Blog by Annie Lennox, Founder of The Circle
As world leaders convene for the G7 summit, to “help the world fight, and then build back better from coronavirus”, I would like them to consider this… Among the wreckage of lives and livelihoods that we are yet to fully quantify, a newly established fact has emerged that should make our blood run cold. In the wake of this dreadful pandemic, key rights of women and girls around the world have been rolled back by an entire generation.
Let this sink in: if you are a woman younger than 36 years old, then crucial progress achieved towards gender equality for you has been rolled back to a time before you were born.
Every time a humanitarian or economic disaster hits, women bear the heaviest burden. The Covid-19 crisis has seen this ugly truth played out on a worldwide scale, in rich and poor countries alike, with the most discriminated-against groups enduring the harshest impacts. COVID-19 has had a devastating effect on the lives of women and girls beyond its obvious impact as a health emergency. In poorer countries, girls have been disproportionately pulled out of school, many of whom will never return. Around the world, it has doubled women’s domestic workload, impacting their careers, or stopping their employment altogether. And perhaps most heinous of all, it has exacerbated the everlasting scourge of violence against women, particularly in their own homes.
Yet – as ever – women are on the frontlines in tackling this crisis, just as they are in every crisis. Despite the multiple threats facing them, women have been at the forefront of the response to Covid-19.
If world leaders are serious about gender equality, if there is any weight behind their words, the moment to prove it will be this weekend, at the G7 summit.
As founder of The Circle, an NGO fighting for safety and economic empowerment for women and girls, I am among a range of signatories to CARE International’s petition being handed into 10 Downing Street today by a determined coalition of women’s organisations under the banner #Wednesday4Women. We are calling on Boris Johnson, as he hosts the G7 Summit this weekend, to call on leaders to commit to vaccine equity and to take action on gender equality, by committing financial and political support to women.

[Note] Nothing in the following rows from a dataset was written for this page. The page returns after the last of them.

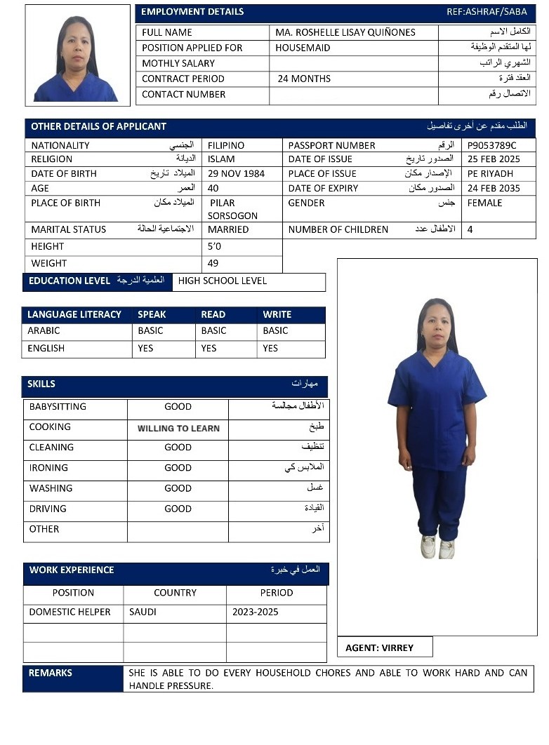 الاسم - عربي MA. ROSHELLE QUINONESS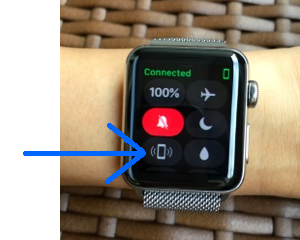 (文字盤を上向きにワン・フリックすると現れる画面。青の矢印のボタンをタップするとiPhoneを鳴らすことができます。画面左上にある「Connected」という緑の文字は近くにiPhoneがあるしるし)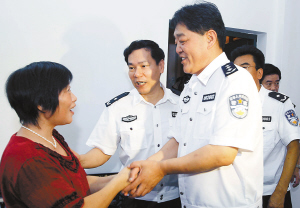 | 8月27日上午,公安部慰问组来到王光生烈士家中进行慰问,并给王光生烈士的妻子冯玉玲和儿子送来了公安部长孟建柱签发的慰问信,颁发了纪念牌匾和慰问金。 本报记者 苏晓杰 摄 |

Leaders have the opportunity to end violence against women and girls by increasing funding for prevention and response work led by women’s rights organisations and girl-led groups. This is an opportunity that must be seized.

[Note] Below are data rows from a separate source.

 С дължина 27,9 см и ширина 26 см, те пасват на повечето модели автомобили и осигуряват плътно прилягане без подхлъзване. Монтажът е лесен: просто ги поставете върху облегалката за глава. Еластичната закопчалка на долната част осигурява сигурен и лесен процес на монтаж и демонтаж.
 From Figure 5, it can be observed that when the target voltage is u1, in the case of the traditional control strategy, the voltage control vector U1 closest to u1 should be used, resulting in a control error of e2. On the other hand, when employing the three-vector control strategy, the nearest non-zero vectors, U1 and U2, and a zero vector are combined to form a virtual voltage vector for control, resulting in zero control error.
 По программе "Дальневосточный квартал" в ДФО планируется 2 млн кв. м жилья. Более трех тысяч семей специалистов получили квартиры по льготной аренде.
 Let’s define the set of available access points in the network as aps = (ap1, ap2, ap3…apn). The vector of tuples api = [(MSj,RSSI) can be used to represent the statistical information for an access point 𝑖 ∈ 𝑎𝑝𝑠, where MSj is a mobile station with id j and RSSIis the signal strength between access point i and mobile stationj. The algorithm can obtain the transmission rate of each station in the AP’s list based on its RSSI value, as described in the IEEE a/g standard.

This is the moment when world leaders can publicly recognise and value unpaid care work, including childcare, by providing significant public funding to reduce and redistribute it, easing the disproportionate and back-breaking work of women in the home.

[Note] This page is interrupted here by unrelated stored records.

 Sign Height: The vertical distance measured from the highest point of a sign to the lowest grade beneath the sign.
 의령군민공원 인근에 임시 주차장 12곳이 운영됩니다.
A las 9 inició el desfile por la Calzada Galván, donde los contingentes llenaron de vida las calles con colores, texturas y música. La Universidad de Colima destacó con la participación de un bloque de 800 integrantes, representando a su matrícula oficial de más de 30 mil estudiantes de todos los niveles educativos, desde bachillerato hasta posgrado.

This is the moment to invest in women and girls’ participation and leadership, through women and girls’ rights organisations. Organisations that long to deliver open, democratic societies, to make our world safer and fairer.
All eyes will be on the UK as the government seeks to give meaning to their much-vaunted epithet “Global Britain”. If this is to amount to anything but a hollow slogan, the government needs to demonstrate they are grounded in reality. Words will not make themselves true by virtue of repetition. As feminists, it is famously ‘deeds, not words’ we are interested in – and in the face of the biggest challenge our world has seen this century, this government’s deeds are letting millions of women down. The UK is the only G7 nation to cut aid to the world’s poorest countries in the middle of a pandemic when our help is needed more than ever. This is to our collective shame.
Now is the time to reverse the cruel and harmful UK aid cuts that will cost lives – disproportionately women and girls’ lives – as well as damaging our country’s global standing. We must restore funding to girls’ education, family planning and women and girls’ health, and projects working around the world to promote gender equality including in humanitarian crises.
As this virus, with no respect for borders, threatens to engulf us for years to come, it exposes a truth that global feminists like me have been shouting from the rooftops for decades: none of us is safe until all of us are safe. For women, that means safe from discrimination, and safe from violence, as well as safe from Covid-19.
World leaders, including the UK, must remember this at the G7. They cannot claim to “build back better” if they fail to prevent Covid-19 rolling back women’s rights by a generation. Women’s leadership and expertise – and their lives – must be valued, and their work must be funded. Anything less from world leaders this weekend will be an insult to us all. The Circle is part the Crack the Crises coalition.